The answer must be every line below that contains the string "eine".

# MATERIAL SHOWN
----

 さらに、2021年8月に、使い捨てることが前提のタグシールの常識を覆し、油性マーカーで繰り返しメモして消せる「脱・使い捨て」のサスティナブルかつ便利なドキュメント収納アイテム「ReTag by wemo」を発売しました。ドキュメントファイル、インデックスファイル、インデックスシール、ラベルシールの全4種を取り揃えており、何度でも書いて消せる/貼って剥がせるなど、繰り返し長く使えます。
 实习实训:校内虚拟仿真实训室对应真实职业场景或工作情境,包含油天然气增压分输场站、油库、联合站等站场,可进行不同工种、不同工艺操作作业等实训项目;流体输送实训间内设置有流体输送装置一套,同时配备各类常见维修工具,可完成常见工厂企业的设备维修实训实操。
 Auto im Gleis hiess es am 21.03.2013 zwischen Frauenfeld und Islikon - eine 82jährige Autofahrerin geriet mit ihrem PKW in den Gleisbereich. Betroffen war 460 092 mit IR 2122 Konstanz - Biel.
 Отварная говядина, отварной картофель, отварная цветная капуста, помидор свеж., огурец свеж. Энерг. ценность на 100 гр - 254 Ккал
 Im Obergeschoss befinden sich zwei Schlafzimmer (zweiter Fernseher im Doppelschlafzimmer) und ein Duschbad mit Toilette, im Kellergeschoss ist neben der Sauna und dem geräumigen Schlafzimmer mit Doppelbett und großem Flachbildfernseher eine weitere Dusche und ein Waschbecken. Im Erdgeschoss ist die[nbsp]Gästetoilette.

----

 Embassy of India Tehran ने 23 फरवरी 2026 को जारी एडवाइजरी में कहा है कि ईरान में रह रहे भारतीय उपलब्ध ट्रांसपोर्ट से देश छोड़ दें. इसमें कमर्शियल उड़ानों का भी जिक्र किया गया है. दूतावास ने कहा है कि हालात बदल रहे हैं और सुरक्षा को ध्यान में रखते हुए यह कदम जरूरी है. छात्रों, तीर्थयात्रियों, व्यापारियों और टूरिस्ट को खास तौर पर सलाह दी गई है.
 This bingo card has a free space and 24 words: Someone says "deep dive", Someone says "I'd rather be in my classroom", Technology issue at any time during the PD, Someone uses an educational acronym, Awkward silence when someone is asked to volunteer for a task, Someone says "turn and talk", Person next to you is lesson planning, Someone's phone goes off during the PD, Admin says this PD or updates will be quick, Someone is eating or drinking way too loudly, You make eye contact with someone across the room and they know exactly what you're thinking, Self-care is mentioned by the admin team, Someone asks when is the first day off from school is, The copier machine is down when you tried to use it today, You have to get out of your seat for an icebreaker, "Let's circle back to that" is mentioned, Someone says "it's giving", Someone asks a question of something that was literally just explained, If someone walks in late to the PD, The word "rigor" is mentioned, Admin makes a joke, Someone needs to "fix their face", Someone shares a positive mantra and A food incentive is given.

----

# EXPECTED ANSWER
 Auto im Gleis hiess es am 21.03.2013 zwischen Frauenfeld und Islikon - eine 82jährige Autofahrerin geriet mit ihrem PKW in den Gleisbereich. Betroffen war 460 092 mit IR 2122 Konstanz - Biel.
 Im Obergeschoss befinden sich zwei Schlafzimmer (zweiter Fernseher im Doppelschlafzimmer) und ein Duschbad mit Toilette, im Kellergeschoss ist neben der Sauna und dem geräumigen Schlafzimmer mit Doppelbett und großem Flachbildfernseher eine weitere Dusche und ein Waschbecken. Im Erdgeschoss ist die[nbsp]Gästetoilette.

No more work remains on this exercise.